T his new focus for community development offers the best chance in years to develop a federal strategy for the inner city that helps both the places and the people directly. At this writing, the federal government is reviewing empowerment zone proposals from cities nationwide. To enter this competition, a city had to carve out up to three non-contiguous areas with average poverty rates of at least 20 percent. In addition, half of these census tracts had to have at least 35 percent of residents with incomes below the poverty line. The city also needed to create a planning process for these areas that asked residents, public officials, business leaders, and social service agencies to develop "a common vision of the kind of economy and job opportunities that each community's future should hold."
The winners will be announced by the end of September. Each empowerment zone then will receive additional funds from the federal government: financial incentives for business development, a tax credit for zone companies that hire local residents equal to 15 percent of each employee's salary (up to $20,000 a year), and $100 million in Title 20 funds from under the Human Services Administration. Because Title 20 funds are flexible, these are the resources that cities can use for basic education, job training, day care -- whatever is needed to help residents succeed in today's labor market. The Clinton administration has also issued an open-ended commitment to give empowerment zones priority for additional funding from other federal agencies during the life of the program.
This is consistent with the broad recommendation of Vice President Gore's report on reinventing government, which urged Congress to allow states and localities to "consolidate separate grant programs from the bottom up."

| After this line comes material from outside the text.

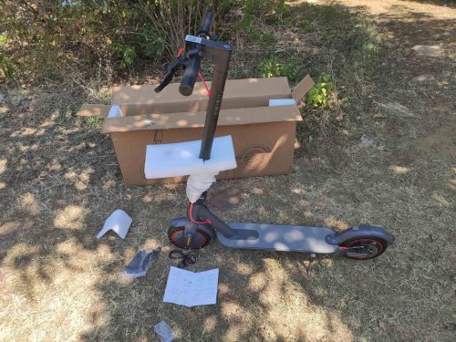 Le montage est donc tres rapide , il suffit donc de deplier la trottinette , de fixer la potence avec les vis fournis … La trottinette est déjà chargée

The promise of federal largesse of this magnitude does a great deal to spring local communities into action -- especially since the administration insisted that plans had to reflect extensive participation from the residents and businesses. As an example, Philadelphia and Camden, New Jersey (across the Delaware River) have teamed up to become a "two-city/two-state" empowerment zone.
From January through May, hundreds of people from the poorest neighborhoods in each city attended as many as two meetings a week to define their "vision" for this empowerment zone and their strategies to achieve it. Having been on the front lines of community development in this region for over two decades, I can safely say that never have so many produced so much in so little time. The empowerment zone planning process itself deserves much of the credit.
Will this approach work?
Of course, the funding remains meager relative to the need. And although the application process will encourage long-overdue local coordination, many of the good proposals identified in the planning process will necessarily remain unfunded, And many cities will be left out of the process, at least in its first phase. A further problem is that while the Clinton administration hopes that empowerment zones will show cities how to coordinate federal programs for the poor, the Labor Department is streamlining operations by consolidating job placement at the regional level, thus distancing them even further from the inner-city neighborhoods where the poorest people live.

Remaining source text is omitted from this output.